In our case Table, A corresponds to Debt_service_filter and Table B to Property_prices. Notice that in our example the resulting table after the right join will keep all the records of Property_prices.
* Right join functionality with dplyr.
```{r}
rightjoin_dplyr=right_join(Debt_service_filter, Property_prices, by=c('borrowers_cty'='ref_area','date'='date'))
glimpse(rightjoin_dplyr)
```
* Right join functionality with base
```{r}
rightjoin_base=merge(Debt_service_filter, Property_prices, all.y = TRUE, by.x=c("borrowers_cty", "date"), by.y=c("ref_area", "date"))
glimpse(rightjoin_base)
```
* Right join functionality with sqldf is not supported.
### 5.3. Inner_join
![](resources/group38/inner_join.png){width=25%}
Select all records from Table A and Table B, where the join condition is met. In our case Table, A corresponds to Debt_service_filter and Table B to Property_prices. Notice that in our example the resulting table will keep only the rows in the intersection.
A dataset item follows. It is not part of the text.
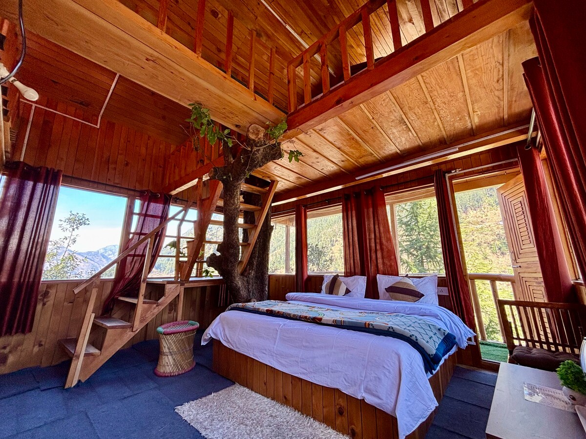You'll love this unique and romantic escape in Jibhi Valley. Our Spacious and Lavish treehouse offers comfort of modern amenities and joy of nature. ★ Wooden & Glass Architecture ★ Panoramic view ★ Scenic Location ★ Wi-Fi ★ Power Backup ★ Food service ★ Bonfire area ★ Parking at property Please note, Breakfast, Room heaters, Bonfire & other services are exclusive of stay price.

* Inner join functionality with dplyr.
```{r}
innerjoin_dplyr=inner_join(Debt_service_filter, Property_prices, by=c('borrowers_cty'='ref_area','date'='date'))
glimpse(innerjoin_dplyr)
```
* Inner join functionality with base.
```{r}
innerjoin_base=merge(Debt_service_filter, Property_prices, by.x=c("borrowers_cty", "date"), by.y=c("ref_area", "date"))
glimpse(innerjoin_base)
```
* Inner join functionality with sqldf.
```{r}
innerjoin_sqldf=sqldf("select * from Debt_service_filter
INNER JOIN Property_prices
on Debt_service_filter.borrowers_cty = Property_prices.ref_area
and Debt_service_filter.date = Property_prices.date
")
glimpse(innerjoin_sqldf)
```
### 5.4. Full_join
![](resources/group38/full_join.png){width=25%}
Select all records from Table A and Table B, where the join condition is met. In our case Table, A corresponds to Debt_service_filter and Table B to Property_prices. Notice that in our example the resulting table will keep all the rows in both tables.
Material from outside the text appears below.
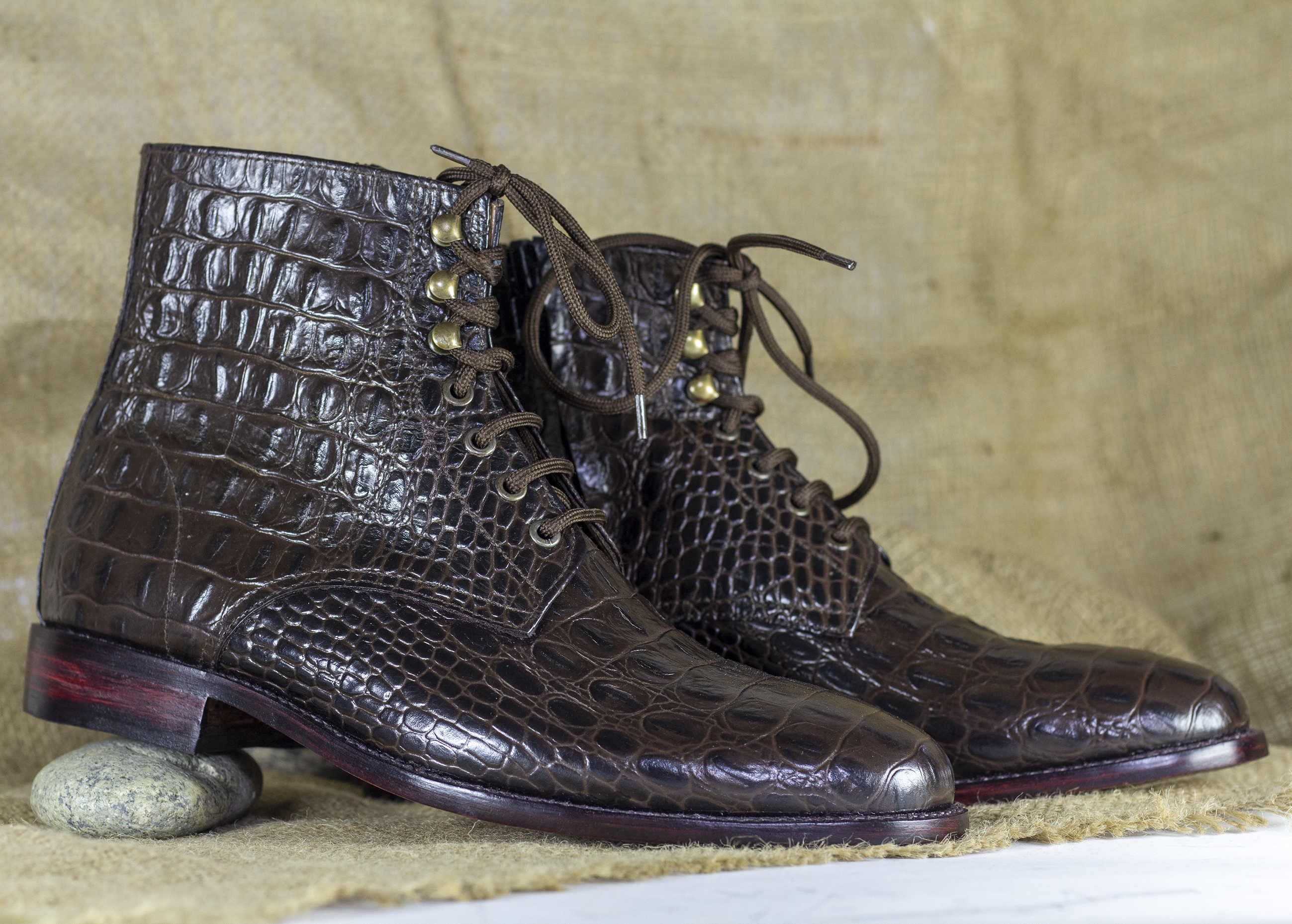 Brown Alligator Boots, Men Letaher Boots, Dress Ankle Boots

* Full join functionality with dplyr.
```{r}
outerjoin_dplyr=full_join(Debt_service_filter, Property_prices, by=c('borrowers_cty'='ref_area','date'='date'))
glimpse(outerjoin_dplyr)
```
* Full join functionality with base.
```{r}
outerjoin_base=merge(Debt_service_filter, Property_prices, all.y = TRUE, all.x = TRUE, by.x=c("borrowers_cty", "date"), by.y=c("ref_area", "date"))
glimpse(outerjoin_base)
```
* Full join functionality with sqldf is not supported.